Mushroom terpenoids can be cytotoxic not only for cancer cells, but also for normal cells; therefore creation of semisynthetic analogues with specified pro­perties is a promising approach. Thus, in 1963 as a result of screening from about 600 mushrooms it was determined [41] that Lampteromyces japonicus has a high anticancer activity associated with toxic substance lamterol. Cytotoxic tricyclic sesquiterpene (containing 3 isoprene units) illudin S (lamterol) can be also synthesized by Omphalotus olearius [4]. It is believed that illudin S undergoes activation by glutathione. The activated form is then capable of covalently bind to DNA which halts DNA replication [4] and leads to cell death in interphase G1-S [42]. Illudin S itself is too toxic to be used as a clinical drug. Consequently, a semisynthetic illudin analog HMAF, that demonstrated a superior therapeutic profile and lower toxicity, employed in clinical trials.
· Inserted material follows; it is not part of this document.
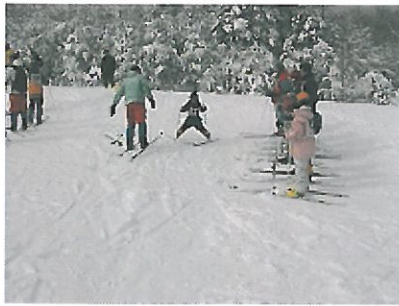
歩くスキーの練習

In vitro investigations of HMAF have shown that IC50 for cancer cell lines ranging from 160 nM in sensitive MCF-7 to 17 µM in relatively insensitive B16 cells [43]. In vivo antitumor activity was consistent with in vitro sensitivity. HMAF was very effective in human tumor xenograft models, including MX-1, MV522, and HT-29, but not B16 or P388 [43]. Thus, complete regression recorded in 29 of 30 animals bearing MX-1 tumors after administration of HMAF intravenously at the doses of 3–7.5 mg/kg daily for 5 days. Extensive tumor shrinkage was also observed with MV522, and significant tumor growth inhibition was obtained with HT-29 when animals received intraperitoneal injections at the doses ranging from 3.75 to 7.5 mg/kg during 5 days [43]. Complete regressions were also observed in individual animals with MV522 and HT-29. HMAF passed successfully clinical trial phase I [44], though during the phase II the lack of efficiency was revealed [45, 46], and subsequent studies have stopped.
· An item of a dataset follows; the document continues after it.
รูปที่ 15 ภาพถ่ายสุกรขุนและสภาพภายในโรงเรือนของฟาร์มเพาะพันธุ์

Anticancer activity of mushroom steroids, phenols, and dietary fiber

Among mushroom steroids the glycosylated form of ergosterol peroxide from the methanol extract of Cordyceps sinensis was found [47] to be an inhibitor of proliferation of K562, Jurkat, WM-1341, HL-60, and RPMI-8226 tumor cell lines.

Anticancer sterol from Sarcodon aspratus selectively suppressed the growth of HT29 cancer cells, but not WI38 normal human fibroblasts [48]. Investigations of anticancer mechanism have shown that aforementioned sterol induces expression of the cyclin-dependent kinase inhibitor 1A, thus causing cell cycle arrest and apoptosis in HT29 cells.
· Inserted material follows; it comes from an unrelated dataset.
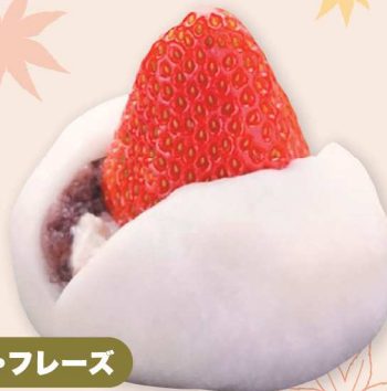
23日のみ レ・フリーズ いちご大福

Phenols can possess anticancer activity as preventive agent with antioxidant properties and also can exhibit direct cytotoxicity toward cancer cells. Thus, hericenones A and B from Hericium erinaceum demonstrated complete growth inhibition of HeLa cells at the concentrations of 100 µg/ml and 6.3 µg/ml respectively [49]. It was suggested, that potent cytotoxicity of hericenone B may be due to γ-lactam and its N-substituent.

Mushroom cell walls contain high molecular weight materials which cannot be digested or absorbed by human intestine, but absorb carcinogenic substances (heavy metals, free radicals, etc.): chitin, homo- and heteropolysaccharides [4].

Quantitative and qualitative composition of fungal mycelia depends on various cultivation conditions, especially on the substrate for cultivation. Synthetic easily accessible media can suppress generation of some valuable secondary metabolites [50]. In this aspect the selection of the cultivation media is one of the important stages for obtaining of biologically active substances of fungal mycelia. The most preferred can be considered natural substrates — wastes of agriculture [51].


The above substances having antitumor activity were extracted from the fungi with various solvents. Ethanol, methanol, ethyl acetate, and hot water extracts of fruiting bodies and mycelia are often used in preclinical studies of mushroom antitumor activity in vitro and in vivo. Occasionally anticancer activity of other extracts (acetone, ether, chloroform, cold water, etc.) has been tested.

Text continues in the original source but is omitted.